Another early step should be the design
of an ideal community health care delivery system or "unit", a
collection of facilities capable of providing all the health services
required by a community defined by some combination of population size
and geographic area. Once this health care unit is designed, a model
should be put together in a real community to see if it works. The
successful health system unit would then be duplicated throughout the
nation.
Benefits to the Patient:
- Medical records would be
kept on a national database, instantly available for treating a patient
regardless of his location. The database would also make it possible to
contact the physician and/or patient when a new treatment of a condition
becomes available.
- The most current
information on diseases and standard treatment would be instantly available
to anyone in the system. Notification of critical new information could be
instantly distributed to all concerned personnel.

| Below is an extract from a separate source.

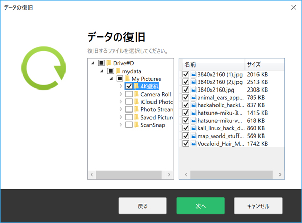 バックアップしたファイルは、指定した共有フォルダ以下に「ASUSTOR\コンピュータ名@ユーザー名\Drive#ドライブ名」の下にフォルダの構成そのままの形で保存されている。バックアップから復旧する場合は、エクスプローラーなどから直接コピーするか、あるいはASUSTOR Backup Planの「復旧」を使用する。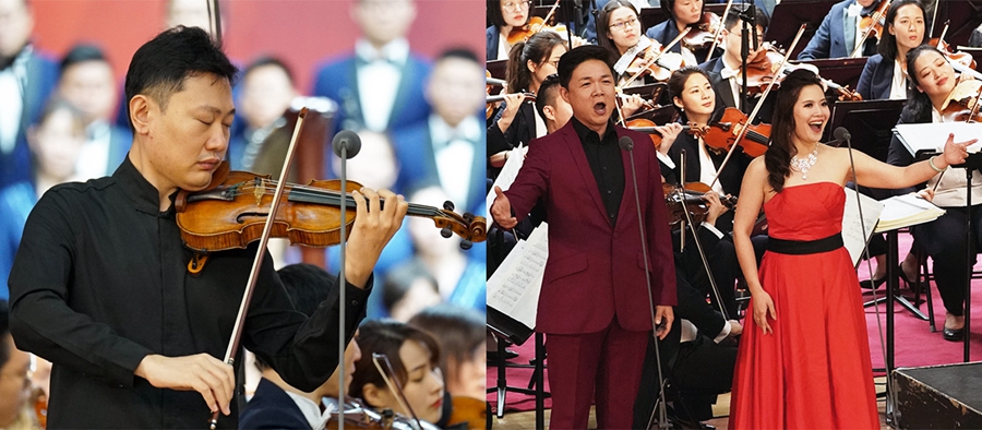 擔任《梁祝》小提琴獨奏的陳曦(上左),17歲就獲得第12屆柴可夫斯基國際音樂比賽小提琴銀獎,那屆金獎可是空缺的哦。青年男高音歌唱家王傳越(右圖左)曾獲2015年第15屆柴可夫斯基大賽銀獎,女高音歌唱家宋元明(右圖右)曾獲第48屆法國圖盧茲國際聲樂大賽第一名。

- When the goal of a system
is not generating revenue, but providing the best care at the lowest cost,
other efficiencies are possible:
- Fewer office visits
would be needed because a medical help line would be available for
people to call for advice. Some problems may not require treatment at
all. Others may be treated simply by ordering a prescription, or
suggesting other self-administered treatment. When hands-on treatment is
necessary, the Help line would direct the patient to the nearest
qualified facility, or the qualified facility where the patient is
likely to be seen soonest.
- A greater emphasis
would be placed on preventive medicine.
- One agency in the System
will have the mission of finding and testing new treatments and procedures.
Once the best treatment has been determined, it will be published on a
national network to which everyone has access. Once a condition is
diagnosed, the physician will be able to look it up and find the best
treatment.
Benefits to Business:
- Business costs would be
reduced because they would have none of the expenses related to providing
health insurance for employees and retirees.
- Workforce mobility would
increase when employees no longer hold on to a job just because of its
health insurance program. Workforce mobility increases productivity because
employees move to the job for which they are best suited.
- Because employers will no
longer be concerned about employee health care costs, they will be less fearful of
hiring people with health problems. For the same reason, confidentiality of
medical records will be less of an issue.
- Universal access to health
care should reduce the number of workdays missed due to illness.
- Evening hours for health
care will reduce the need for employees to take off work for doctor
appointments.
Benefits to the Economy in General:
- A single health care
system will be less expensive just because one system is less costly to
administer than multiple systems. The health insurance industry would
disappear.
- Physicians would no longer
have to purchase malpractice insurance. The system would discipline bad
doctors and provide for compensation of patients harmed by the system.
- A National Health Care
System would be paid for out of the General Fund, which will be supplied
primarily from the income tax. Shifting to this National Health Care System
will require a big increase in taxes, of course, but due to the efficiencies
of the new system, the total cost will go down. Our taxes will go
up, but we will be better off because we are no longer paying for health
insurance and we are paying less for goods and services due to the fact that
businesses are no longer paying for health insurance for their employees.
- To the
extent possible, physicians and other medical and administrative staff will
be government employees. No unions will be allowed. Staff will be paid the
lowest wage/salary required to attract qualified people.